With the bases loaded and two outs in the fifth inning, Logan had the lefty-swinging Gonzalez in an 0-2 hole. He had thrown a fastball for a called strike one and tossed a slider that Gonzalez chased for strike two.
“I said if I just throw this next pitch, a slider in the dirt, he will swing over it,” Logan said, “and he did.”
Logan, who had relieved Bartolo Colon for Gonzalez’s at-bat, got the favorite to win the AL MVP to flail at a slider for strike three, helping to preserve the Yankees’ one-run lead and eventual 3-2 win. It was part of a superb effort by the unreliable Logan whose effort was matched by the equally unreliable Rafael Soriano.
After whiffing Gonzalez to end the fifth, Logan (3-2) began the sixth by getting Kevin Youkilis to ground out and striking out lefty-swinging David Ortiz with another slider. After Logan served up a double to Carl Crawford, Cory Wade came in to retire Jarrod Saltalamacchia and end the inning.
Catcher Russell Martin called Logan “super important, especially against the Red Sox.”
Entering the game, lefties were batting .246 against Logan; even worse, they had posted a .449 slugging percentage against him — with three homers and seven extra-base hits in 69 at-bats. Last year, lefties hit only .190 off Logan with no homers and just one extra-base hit in 79 at-bats.
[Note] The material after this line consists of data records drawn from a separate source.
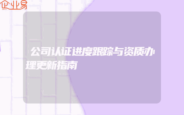 - 公司认证进度跟踪与资质办理更新指南一、企业认证进度的实时跟踪在现代企业管理中,企业的认证进度及其资质办理成为了不可或缺的重要环节。对于企业和其合作伙伴来说,了解并掌握公司认证进度的跟踪方法,有助于确保业务顺利进行,提高合作方的信任度。首先,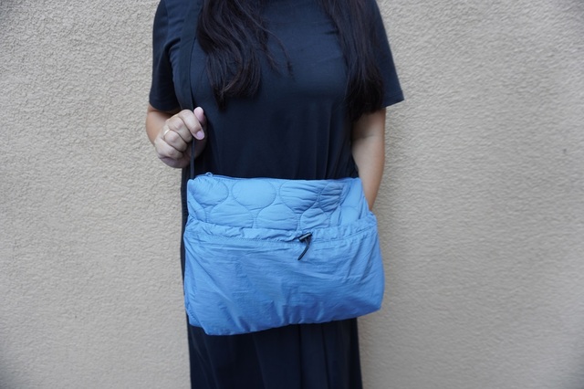 独特のキルトの柄がかわいいバッグです。今回はブルーを購入しましたが、店頭ではこの他にブラックとホワイトもありました。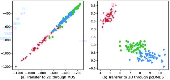 Figure 2 shows the visualization results of the wine dataset with 178 samples, 3 categories, and the number of attributes of each sample is 13. It can be seen from the visualization results in Figure 2a that the boundaries of different categories in the 2D data representation are fuzzy and unclear, that is, the discriminability between different categories has not been improved, and since the MDS method maintains the distance between samples, the samples in the same category are not more compact. In order to more intuitively show that pcDMDS can learn more discriminative features, the visualization result graph of pcDMDS is shown in Figure 2b. By comparing Figure 2a,b, it can be found that compared with MDS, pcDMDS has a more compact sample distribution in the same category in the new data representation, and the boundaries between different categories are clearer, which makes the learning features more discriminative.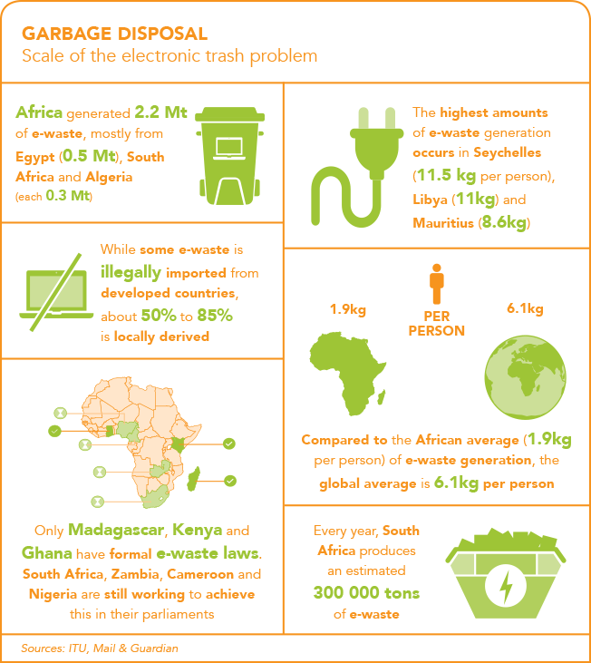 Pulling the plug Africa’s e-waste problem is getting more pronounced but there is a chance to create jobs through more efficient recycling initiatives Remember that clunky old phone you ditched last year when you got an upgrade? Or that fried PC monitor that had to be tossed? No harm done, you might think. But these unloved gadgets represent one of the major environmental hazards of our time. Electronic or e-waste, also called WEEE (waste electrical and electronic equipment), consists of all the discarded electrical devices that power our modern lifestyle – from fridges to mobile phones and batteries. With rapid tech advances, lower costs and shorter device lifespans as we continually replace them with newer models, the sheer mass of dead gadgets piling up in landfills is becoming overwhelming. It’s estimated that globally, the electronics industry currently generates up to 50 million tons of e-waste a year, with mobile phones being a major culprit. As consumer numbers increase and technology accelerates, these figures can only rise. In Africa, as elsewhere in the world, this is a huge problem. South Africa is the leading polluter on the continent, producing more than 300 000 tons of e-waste annually – and counting. In fact, this waste stream is growing faster than any other. Even if you stash your old gadgets in the back of a cupboard and not in the trash, it still represents a damaging waste of energy, resources and, not least, business opportunities. For one thing, electronic goods contain valuable minerals such as copper, gold, beryllium, tantalum and coltan. These could be productively recycled, saving energy and the non-renewable resources depleted in mining. More frighteningly still, e-waste also contains a complex array of chemical substances, many of them toxic – lead, mercury, cadmium and many others. According to the website of the e-Waste Association of South Africa (eWASA), ‘a typical computer monitor may contain more than 6% lead by weight’. In addition, it states that up to 36 separate chemical elements are incorporated into e-waste items. ‘It presents difficulties for recycling due to the complexity of each item.’ For example, many plastics used in electronic equipment contain flame retardants, which make them difficult to recycle. If these toxins find their way into landfill sites, they can contaminate groundwater, leach into the soil and, if burnt in an uncontrolled manner, pollute the air. The result? Major damage to the environment and a health risk for the wildlife and human beings that are exposed. Hardest hit, often, are the informal collectors, dismantlers and recyclers – the main actors in the processing of e-waste in Africa. Such people often work under extremely harsh and exploitative conditions that are very difficult to monitor. ‘Stories abound of the horrendous working conditions in different parts of Africa where imported waste goes to die,’ says Muna Lakhani, volunteer branch co-ordinator of South African environmental NPO Earthlife Africa and national co-ordinator of the Institute for Zero Waste in Africa. Often, these dangers are imported from more affluent parts of the world: despite international conventions aimed at reducing this problematic trade, illegal cross-boundary movement of waste within and into Africa persists, usually run by criminal gangs. West Africa is a major destination for e-waste, according to the UN Office on Drugs and Crime. Globally, the bulk of such waste – anything from 60% to 90% of the total – is illegally traded or dumped, according to UN Environment Programme (UNEP) research. Collectively, these rackets are worth nearly US$19 billion. ‘Under the guise of “recycling”, highly toxic waste is being dumped on poor communities,’ says Lakhani. What seems an intractable problem, however, is also an opening for entrepreneurs. Recycling e-goods can cut down on pollutants in the environment and be a source of income, ‘green jobs’ and valuable secondary raw material. According to eWASA chairman Keith Anderson, there is an enormous opportunity for e-waste recycling in South Africa and Africa. ‘eWASA, through its members, has about 1 000 collection points. However, we need at least four times more collection/dismantling facilities.’ A 2017 market intelligence report by GreenCape (a South African NPO promoting green economy solutions) points to the rapid growth of this sector. In 2009, there were just two large e-waste recyclers in South Africa (Universal Recycling Company and Desco), dismantling and processing 9 000 tons annually; by 2016, there were more than 20, processing 45 000 tons. The report continues: ‘The barriers to establishing an e-waste dismantling business are lower than that of dry recyclables, with a higher job factor (30 created for every 1 000 tons diverted) … This is a sector that can generate significant growth, as an 8% increase in e-waste diversion can result in a market potential of ZAR22 million and create 650 local jobs.’ The potential for employment creation and small business growth is therefore huge – and currently, African countries are not taking full advantage. South Africa, for example, only recycles 6% to 10% of its e-waste, with most of it exported or going to landfills, according to Anderson. At least 90% of printed circuit boards and 80% of plastic recovered from South African e-waste is exported for processing, according to a 2014 study conducted by Mintek, the Department of Science and Technology and the Council for Scientific and Industrial Research (CSIR) – thus losing economic benefits to the country. ‘If we can unlock this uncollected e-waste into the local value chain, we can create opportunities to grow South Africa’s e-waste recycling economy, as well as opportunities to increase investment in appropriate technologies and in innovative new technologies,’ says Linda Godfrey, manager of the CSIR’s waste roadmap implementation unit. Ind

Soriano’s effort was even more impressive. The recently-activated $35 million reliever, pitching for just the third time since May 13 thanks to a two-and-a-half-month stint on the disabled list with elbow inflammation, zipped through the Red Sox in the seventh inning, retiring them 1-2-3. Soriano got Josh Reddick to foul out to third, retired Marco Scutaro on a liner to left and struck out Jacoby Ellsbury.
“He’s back,” Martin said. “He’s got his 95-mph fastball. His slider’s super sharp. I think that’s the key.”
Last night was the first time Soriano, who has retired all nine men he has faced since coming off the disabled list, pitched in any inning but the eighth or ninth this year. He said he had no problem with taking the seventh.
“I’ll do any inning they give to me,” he said. “I’m here to pitch.”